[WHAT NEEDS TO BE DONE]: Below are entries; repeat exactly, and nothing else, the lines from the one holding "Si le plat signature" through the one holding "春秋季新款牛仔衣夹克男士美式高街潮牌工装复古潮流外套薄款黑色", inclusive. Leave the pictures out.
──────── DATA PROVIDED ────────
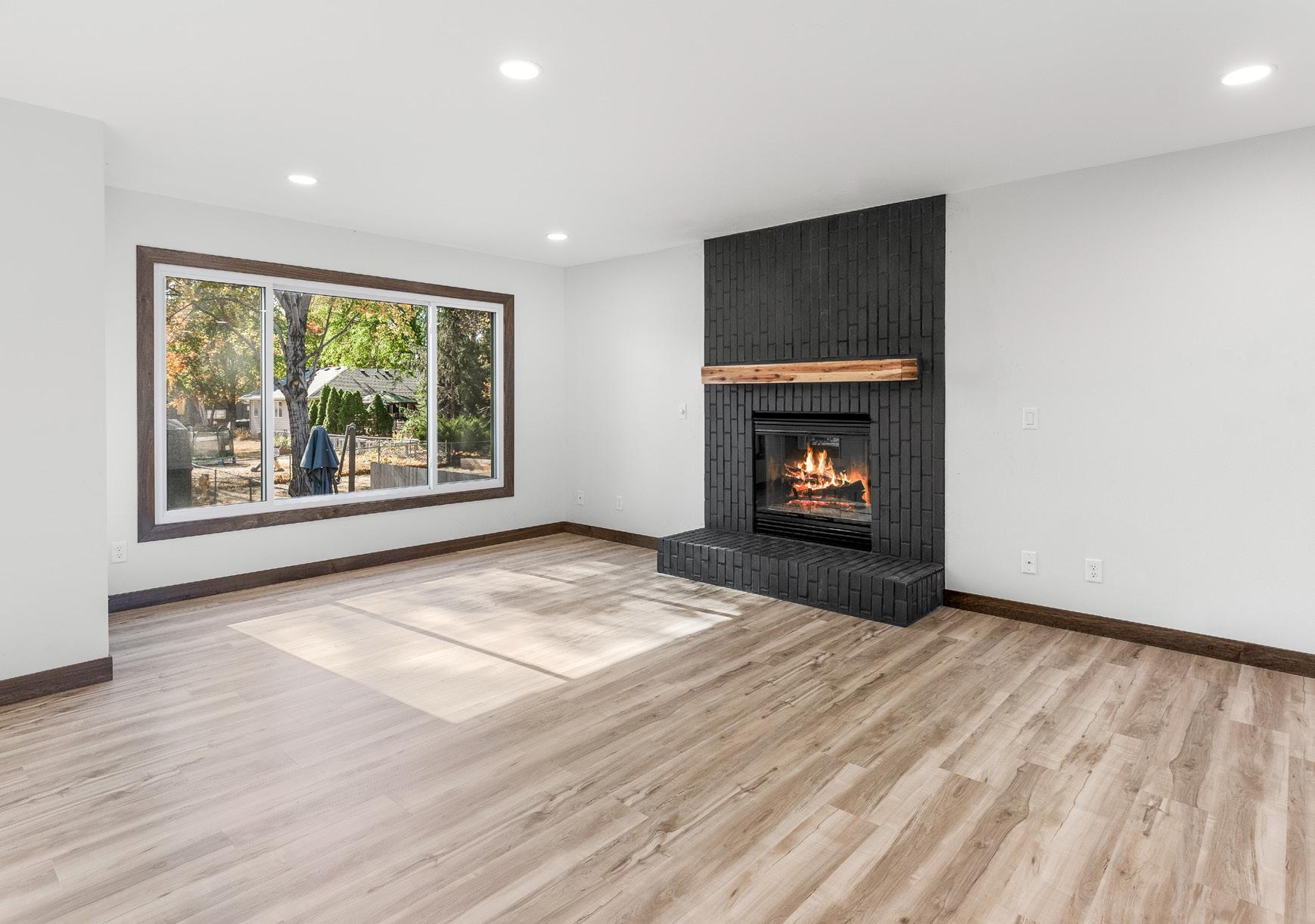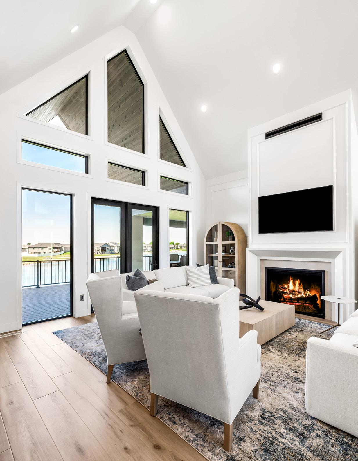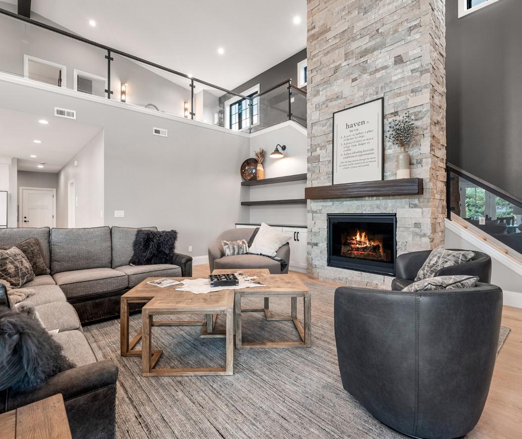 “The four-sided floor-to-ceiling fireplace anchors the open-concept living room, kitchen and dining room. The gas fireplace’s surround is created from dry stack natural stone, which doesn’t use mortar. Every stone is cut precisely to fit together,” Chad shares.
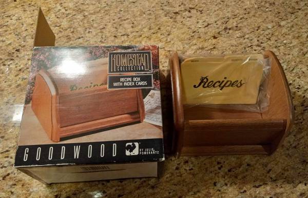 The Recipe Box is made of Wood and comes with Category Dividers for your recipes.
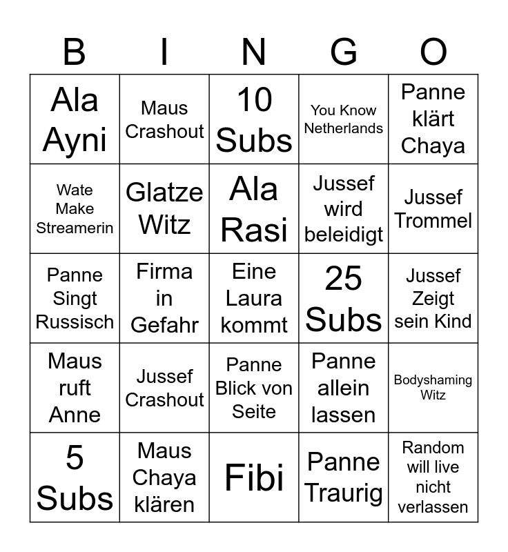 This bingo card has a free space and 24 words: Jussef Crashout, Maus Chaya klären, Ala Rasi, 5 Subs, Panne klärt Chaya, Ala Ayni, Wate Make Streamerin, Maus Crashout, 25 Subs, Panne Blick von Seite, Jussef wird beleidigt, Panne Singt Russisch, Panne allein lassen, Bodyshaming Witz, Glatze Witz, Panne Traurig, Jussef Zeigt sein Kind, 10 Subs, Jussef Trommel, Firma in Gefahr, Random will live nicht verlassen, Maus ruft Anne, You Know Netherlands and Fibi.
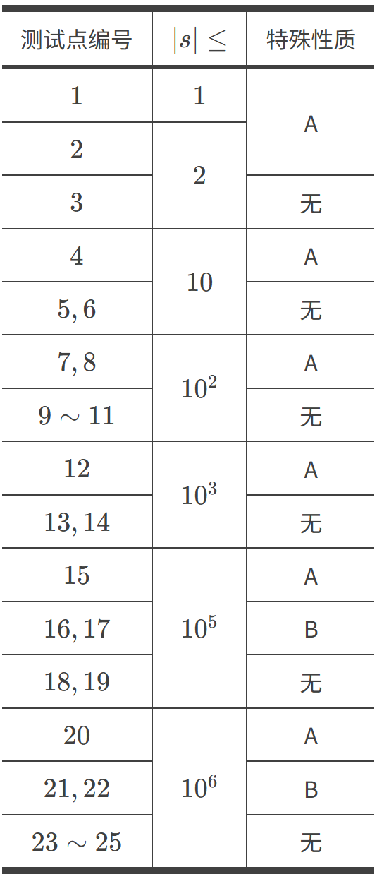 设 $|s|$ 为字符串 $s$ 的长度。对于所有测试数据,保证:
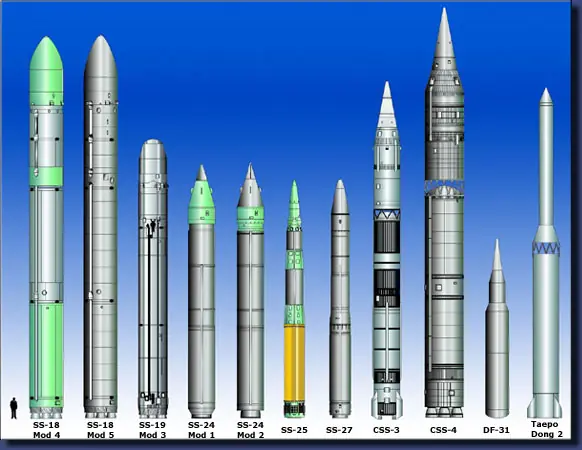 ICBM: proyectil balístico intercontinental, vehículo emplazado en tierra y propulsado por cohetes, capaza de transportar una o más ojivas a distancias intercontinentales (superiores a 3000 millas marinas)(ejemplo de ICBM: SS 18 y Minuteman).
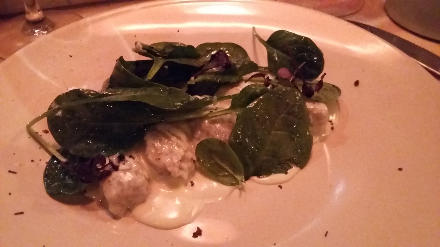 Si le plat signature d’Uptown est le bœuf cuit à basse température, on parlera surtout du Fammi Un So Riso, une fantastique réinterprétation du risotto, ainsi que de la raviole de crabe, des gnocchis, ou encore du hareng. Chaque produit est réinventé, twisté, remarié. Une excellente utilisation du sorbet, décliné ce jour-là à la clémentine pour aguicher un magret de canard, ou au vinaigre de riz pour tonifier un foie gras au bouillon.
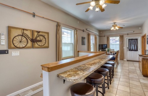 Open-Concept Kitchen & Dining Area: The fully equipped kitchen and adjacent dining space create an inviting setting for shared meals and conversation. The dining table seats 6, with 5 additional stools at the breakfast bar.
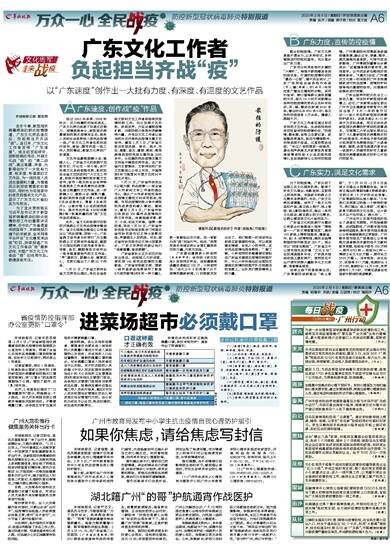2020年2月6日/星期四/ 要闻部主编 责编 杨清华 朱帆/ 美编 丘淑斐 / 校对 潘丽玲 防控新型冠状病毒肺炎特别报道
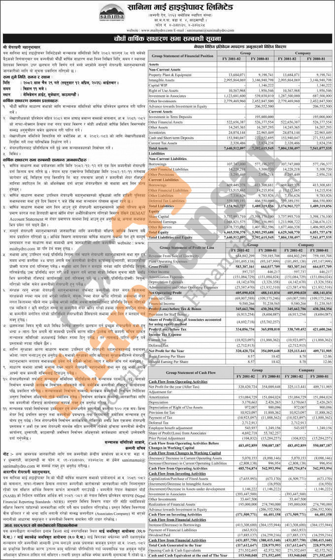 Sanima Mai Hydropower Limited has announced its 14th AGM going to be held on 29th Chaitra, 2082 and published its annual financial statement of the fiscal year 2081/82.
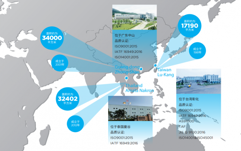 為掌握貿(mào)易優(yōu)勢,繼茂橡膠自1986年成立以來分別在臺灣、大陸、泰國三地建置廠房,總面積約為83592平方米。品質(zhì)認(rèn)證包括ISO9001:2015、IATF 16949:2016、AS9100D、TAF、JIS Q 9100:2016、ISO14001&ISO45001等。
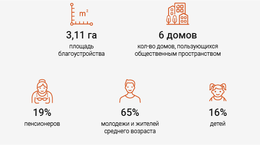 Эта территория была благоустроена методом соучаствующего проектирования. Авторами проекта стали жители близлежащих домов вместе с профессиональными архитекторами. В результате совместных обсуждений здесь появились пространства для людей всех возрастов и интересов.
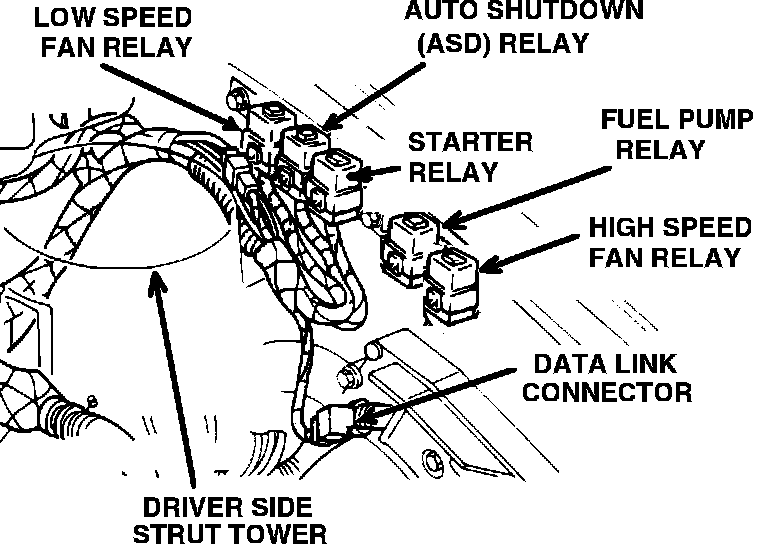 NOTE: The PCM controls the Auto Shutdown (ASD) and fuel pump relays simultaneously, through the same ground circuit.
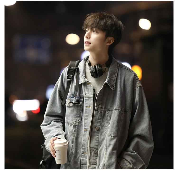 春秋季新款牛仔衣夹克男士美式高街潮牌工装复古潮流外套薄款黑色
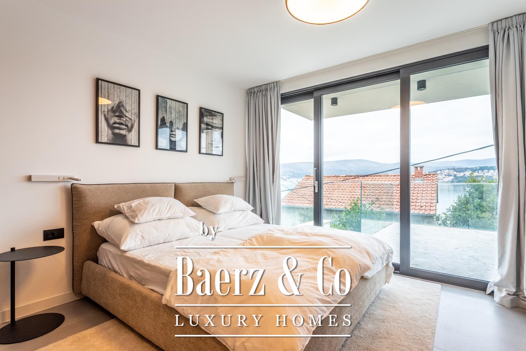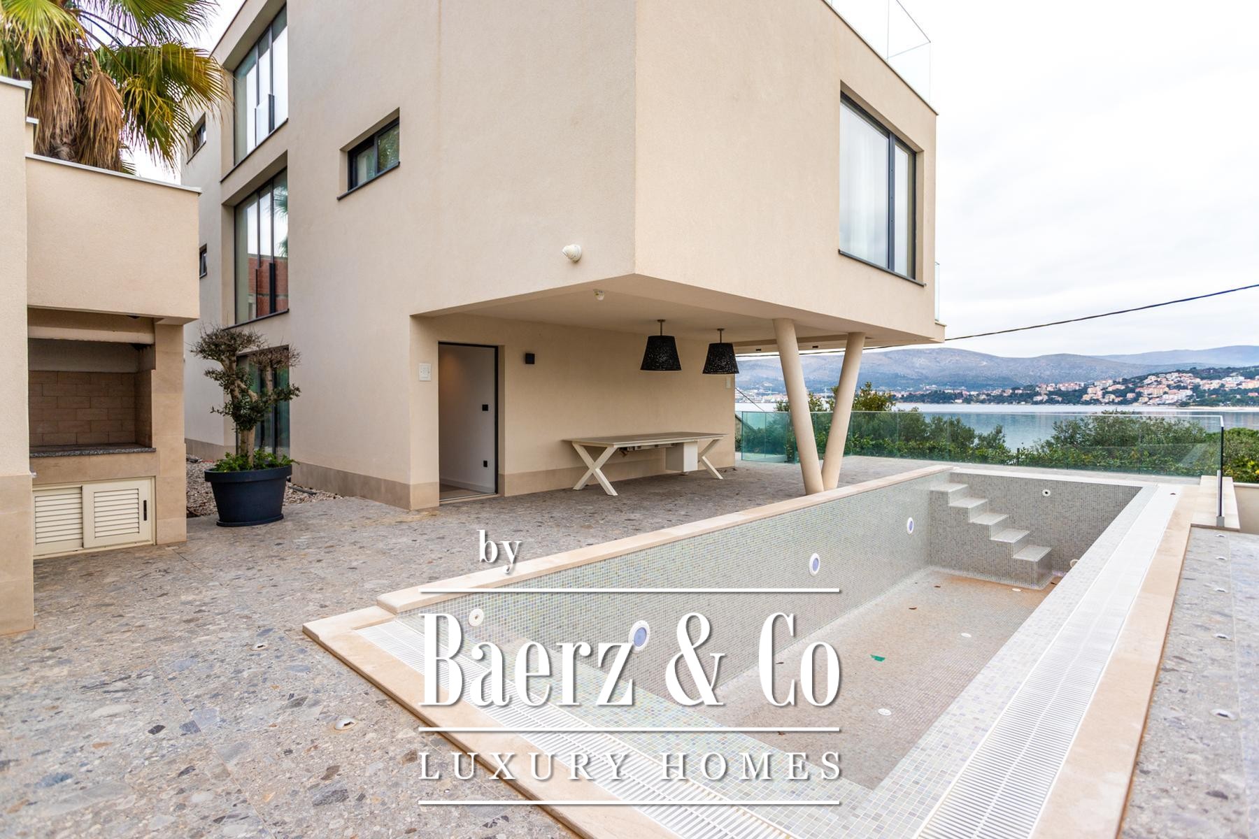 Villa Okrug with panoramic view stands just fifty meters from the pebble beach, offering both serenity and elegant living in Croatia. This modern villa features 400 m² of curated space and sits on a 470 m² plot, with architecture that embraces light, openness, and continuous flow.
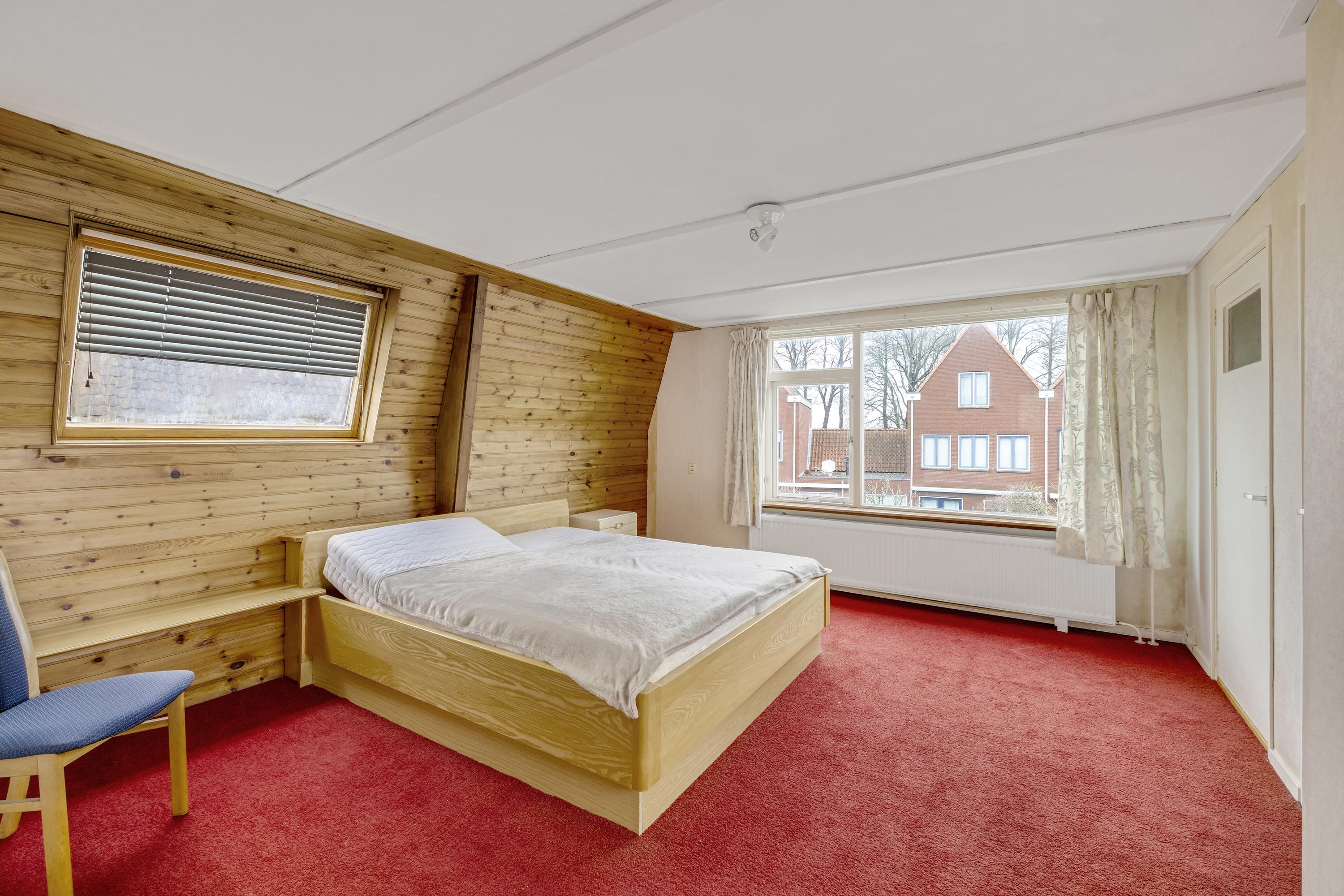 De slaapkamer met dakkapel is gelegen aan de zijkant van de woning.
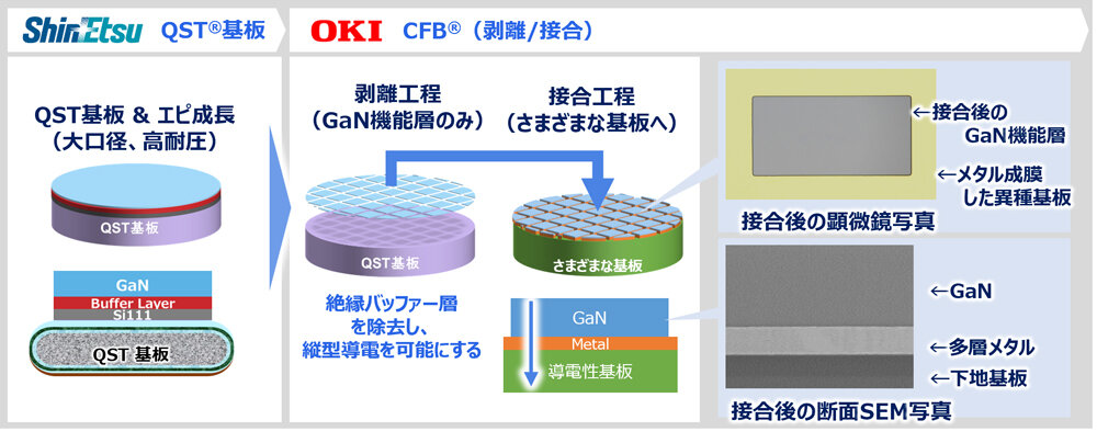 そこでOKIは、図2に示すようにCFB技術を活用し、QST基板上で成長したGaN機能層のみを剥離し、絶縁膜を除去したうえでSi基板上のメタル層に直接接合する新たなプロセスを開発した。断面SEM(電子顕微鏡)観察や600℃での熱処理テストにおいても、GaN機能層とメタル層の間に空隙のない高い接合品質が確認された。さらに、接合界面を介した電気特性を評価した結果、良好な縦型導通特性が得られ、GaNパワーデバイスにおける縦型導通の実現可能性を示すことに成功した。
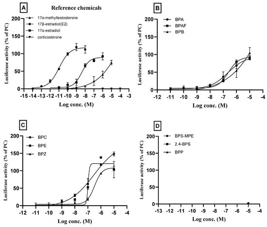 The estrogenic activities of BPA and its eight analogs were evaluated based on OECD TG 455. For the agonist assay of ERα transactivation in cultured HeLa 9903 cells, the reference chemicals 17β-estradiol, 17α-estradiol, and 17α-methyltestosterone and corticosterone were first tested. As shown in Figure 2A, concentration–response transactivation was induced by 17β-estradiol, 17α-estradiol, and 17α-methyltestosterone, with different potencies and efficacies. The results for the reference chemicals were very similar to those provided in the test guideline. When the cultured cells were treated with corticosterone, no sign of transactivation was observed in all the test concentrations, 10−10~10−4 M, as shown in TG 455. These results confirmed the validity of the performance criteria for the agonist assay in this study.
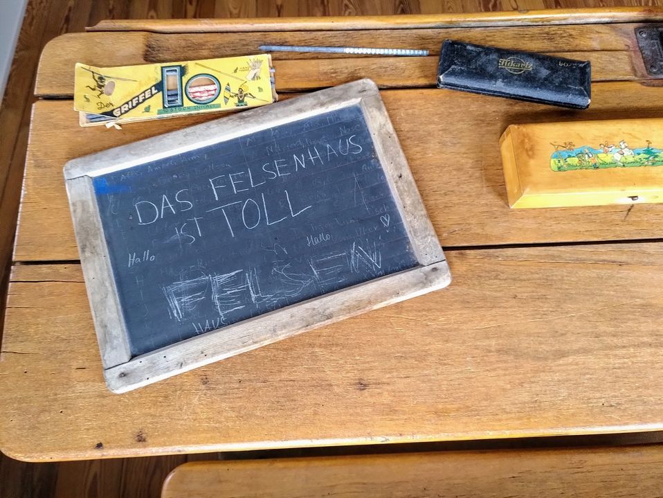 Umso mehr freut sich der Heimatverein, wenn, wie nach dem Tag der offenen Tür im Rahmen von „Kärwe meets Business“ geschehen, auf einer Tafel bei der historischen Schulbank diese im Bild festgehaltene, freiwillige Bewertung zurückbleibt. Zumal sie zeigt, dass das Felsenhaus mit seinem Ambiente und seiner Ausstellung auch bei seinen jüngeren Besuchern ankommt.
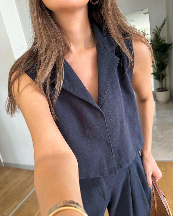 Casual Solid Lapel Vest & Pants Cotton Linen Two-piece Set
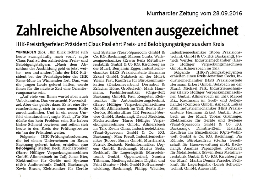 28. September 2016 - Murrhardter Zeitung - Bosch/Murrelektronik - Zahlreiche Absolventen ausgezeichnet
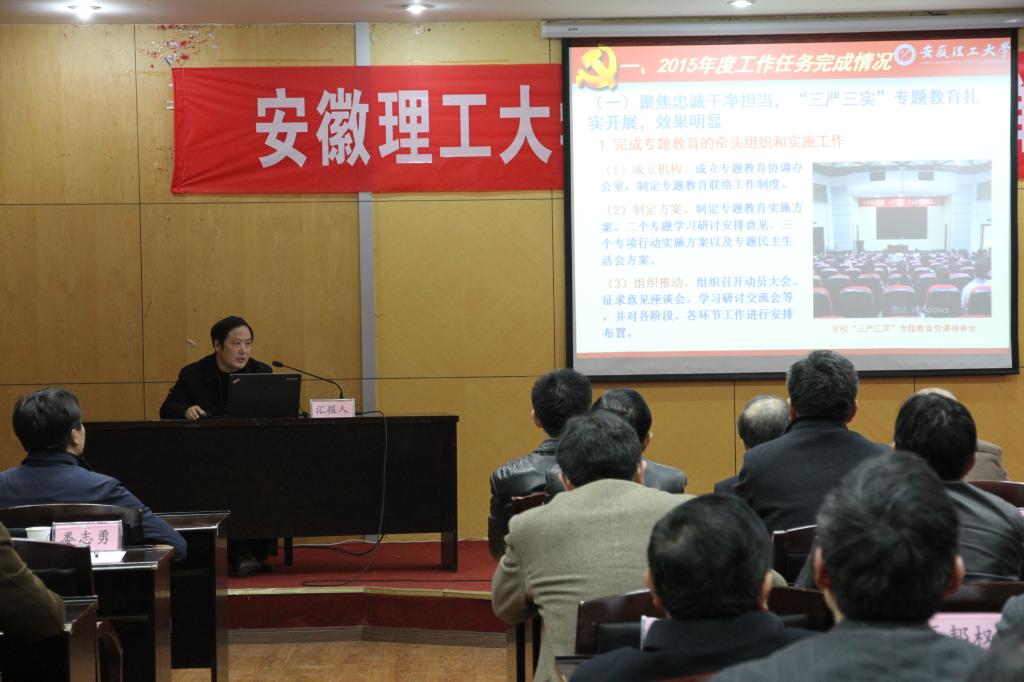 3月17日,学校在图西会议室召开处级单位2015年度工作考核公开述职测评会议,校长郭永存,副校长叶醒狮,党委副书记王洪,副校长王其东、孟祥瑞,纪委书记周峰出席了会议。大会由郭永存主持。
────────
[RESULT]:
 Si le plat signature d’Uptown est le bœuf cuit à basse température, on parlera surtout du Fammi Un So Riso, une fantastique réinterprétation du risotto, ainsi que de la raviole de crabe, des gnocchis, ou encore du hareng. Chaque produit est réinventé, twisté, remarié. Une excellente utilisation du sorbet, décliné ce jour-là à la clémentine pour aguicher un magret de canard, ou au vinaigre de riz pour tonifier un foie gras au bouillon.
 Open-Concept Kitchen & Dining Area: The fully equipped kitchen and adjacent dining space create an inviting setting for shared meals and conversation. The dining table seats 6, with 5 additional stools at the breakfast bar.
2020年2月6日/星期四/ 要闻部主编 责编 杨清华 朱帆/ 美编 丘淑斐 / 校对 潘丽玲 防控新型冠状病毒肺炎特别报道
 Sanima Mai Hydropower Limited has announced its 14th AGM going to be held on 29th Chaitra, 2082 and published its annual financial statement of the fiscal year 2081/82.
 為掌握貿(mào)易優(yōu)勢,繼茂橡膠自1986年成立以來分別在臺灣、大陸、泰國三地建置廠房,總面積約為83592平方米。品質(zhì)認(rèn)證包括ISO9001:2015、IATF 16949:2016、AS9100D、TAF、JIS Q 9100:2016、ISO14001&ISO45001等。
 Эта территория была благоустроена методом соучаствующего проектирования. Авторами проекта стали жители близлежащих домов вместе с профессиональными архитекторами. В результате совместных обсуждений здесь появились пространства для людей всех возрастов и интересов.
 NOTE: The PCM controls the Auto Shutdown (ASD) and fuel pump relays simultaneously, through the same ground circuit.
 春秋季新款牛仔衣夹克男士美式高街潮牌工装复古潮流外套薄款黑色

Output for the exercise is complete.